もちろん改良だけをしていたわけではなく、その間に、動物界の色々な種が持つN-結合型糖鎖の解析研究も進めた(6, 7)。そこから分かってきたのは、多細胞動物の進化系統の遠近関係と糖鎖の類似性は相関しないということだった。しかもN-結合型糖鎖の構造は、単純から複雑へと進化したのではなく、二胚葉のヒドラが既に複雑な独自の構造を有していた。これは意外な結果で、すなわちゲノムの類似性と糖鎖構造の類似性が必ずしも一致していないことを示している。また脊椎動物になる前後の動物種でN-結合型糖鎖の構造を分析したところ、脊椎動物で一般に観られる2
型LacNAc(Galβ1-4GlcNAc)は、脊椎動物から一歩外へ出ると検出されないことが分かった。つまり2型LacNAcは脊椎動物に特徴的な構造なのだ。そこでゼブラフィッシュを使ってその糖鎖構造の生理的役割を研究することにした。胚発生時期の糖タンパク質糖鎖の構造変化を網羅的に解析したところ、咽頭胚期から急激に2
型LacNAcが増加していた(8)。このような研究のために前述の網羅的解析法を開発してきたのである。さらにその構造を持つコンプレックス型とハイブリッド型N-結合型糖鎖の生合成を阻害すると、ちょうど咽頭胚期に形態の異常を呈し致死となることが分かった。現在は、咽頭胚期にその糖鎖が結合しているタンパク質の探索研究を進めている。これもまた分析法の開発から行っている。見えるものを手取り早く観測して論文に仕上げるのが目的ではなく、見たいものがあるのでしょうがない。
おわりに
ミクロヘテロジェネイティの意味を問うのはナイーブな行為かも知れない。しかしその答えを探すには、糖鎖構造の「ジャングル」に分け入る勇気(無神経さ)と信念(思い込み)が必要である。さらにもっと言えば、現代生物学の尻尾である糖鎖生物学を、時代の頭に据えるには、このジャングルから情報を取り出してくるしかないのだと私は感じている。過去TIGGに、ミクロヘテロジェネイティの進化における役割についての小論を掲載していただいたことがある(9)。残念ながら未だその仮説を証明できるところまで研究を進められていない。そろそろキャリアの終わりも見えてきたので、私自身がどこまでたどり着けるかははなはだ心細くなってきた。しかしそれが謎である限り、私とはまったく別の角度からミクロヘテロジェネイティの意味を問う研究者がきっと現れるに違いない。

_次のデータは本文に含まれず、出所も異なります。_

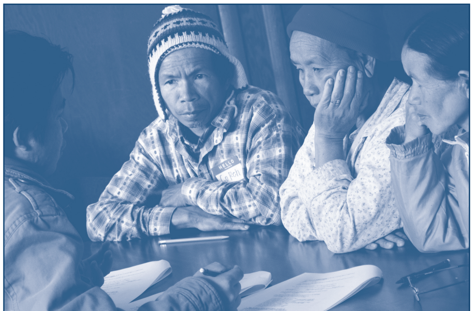
Burma Refugee Family Network (BRFN)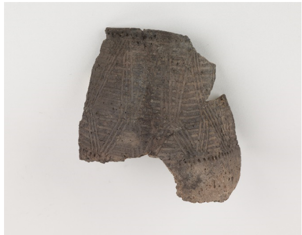
Ceramic Bowl, about 1000

Indigenous Virginians in the Tidewater region traditionally created pottery using a coil method – laying coils on top of one another before pinching them together to create a solid wall. The surface would then be smoothed out and decorated by creating textures with fabric, cord, or net. Archaeologists can trace different Native communities through time and place by observing changes in pottery, housing, or tools between groups. Today, descendants connect to the past through learning these pottery traditions.

なぜかと言えば、ヒトとは思いを繋ぐ生き物だからである。
参考文献
1. Tai, T., Yamashita, K., Ogata-Arakawa, M., et al. (1975) J.Biol.Chem.
250, 8569–8575.
2. Natsuka, S., Himeno, M., Hase, S., et al. (1988) J.Biochem. 103, 986–991.
3. Kageyama, N., Natsuka, S., and Hase, S. (1999) J.Biochem. 125, 838–845.
4. Natsuka, S., Adachi, J., Kawaguchi, M., et al. (2002) J.Biochem. 131,
807–813.
5. Natsuka, S., Masuda, M., Sumiyoshi, W., et al. (2014) PLoS ONE 9, 102219.
6. Natsuka, S., Ishida, M., Ichikawa, A., et al. (2006) J.Biochem. 140,
87–93.
7. Natsuka, S., Hirohata, Y., Nakakita, S., et al. (2011) FEBS J. 278,
452–460.
8. Hanzawa, K., Suzuki, N., and Natsuka, S. (2017) Glycobiology 27, 228–245.
9. Natsuka, S. (2013) TrendsGlycosci.Glycotechnol. 25, 125–131.